There have been a number of hints that the Chancellor will announce higher taxes on pension savings in her 30 October Budget. The main targets appear to be: legacy funds in money purchase (MP) schemes (where you or someone else, e.g. your employer, pay into a fund which you can draw from age 55) which haven’t been undrawn when you die; reintroduction of the lifetime allowance (LTA) which caps the amount of funds qualifying for tax relief; and she might also look at reducing tax relief on pension contributions. We’re confident, despite suggestions to the contrary, that she won’t increase the tax rate on pension income.

Pension contribution relief

If you pay into an MP scheme for yourself, you’re entitled to tax relief on the contributions according to the rate of income tax you pay. If you pay higher rate tax (40%) on some of your income, you’re entitled to tax relief equal to 40% of the contributions you pay.

Example.Jack pays £15,000 into his pension in 2024/25. His income for the year is £60,000, of which £50,270 (the standard amount) is either not taxable or is taxable at the basic rate (20%). The balance of £9,730 is taxable at 40%. Jack is entitled to 40% relief on the £9,730 and 20% on £5,270. The net cost of the contribution to Jack is therefore £10,054 ((£9,730 – 40%) + £5,270 – 20%).

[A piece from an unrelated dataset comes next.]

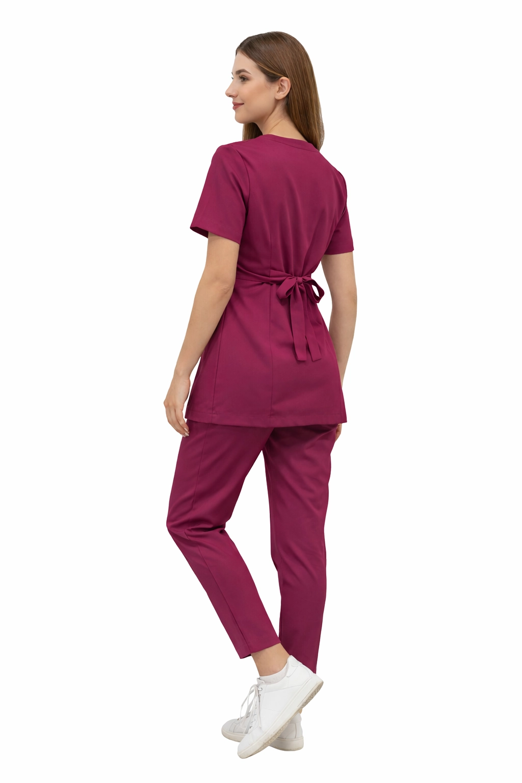 Базов комплект от медицинска униформа премиум в черешов цвят - униформа за жени в медицината и козметичната индустрия

Possible change.The suggestion is that the government might change the rate of tax relief to a flat rate of 30%. This would be especially good news for lower earners who don’t pay higher or additional rate tax as they would get extra tax relief, but generally bad news for those who do. Those who only pay higher rate tax on a small amount of their income might still be better off with a 30% flat rate of tax relief.

Tip.Get more tax relief while you can. If you pay higher or additional rate tax on a significant part of your income, consider making a one-off pension contribution before the next tax year, perhaps even before the next Budget.

Reintroduction of the LTA

We think a return of the LTA is unlikely. The list of reasons for this are lengthy and the rules involved tricky. In our view, it wouldn’t bring in a significant enough tax haul for the complications involved.

IHT on legacy funds

The basic principle of a change to inheritance tax (IHT) on legacy funds would be to make any money left in an individual’s MP pension fund when they die liable to IHT. Currently, virtually all such sums are outside a person’s estate and so are not subject to IHT. Changing this might sound like an easy target for the Chancellor, but the tax haul is not as large as you might imagine. Estimates range between £2bn and £4bn over the next few years. One reason for the relatively low tax haul is that currently legacy funds are usually liable to income tax at up to 45% when paid to the deceased’s beneficiaries. This tax would have to be scrapped to prevent double taxation. Also, complex trust laws would have to be overcome. Lastly, the change would also be a disincentive for people to save into pensions, which no government wants. Therefore, we don’t expect anything more than the launch of a consultation in the next Budget.

Higher and additional rate taxpayers could face a reduction in the rate of tax relief they receive on their contributions into money purchase pension schemes. Consider maximising the higher rates of tax relief while you can by making extra contributions before the 2025/26 tax year.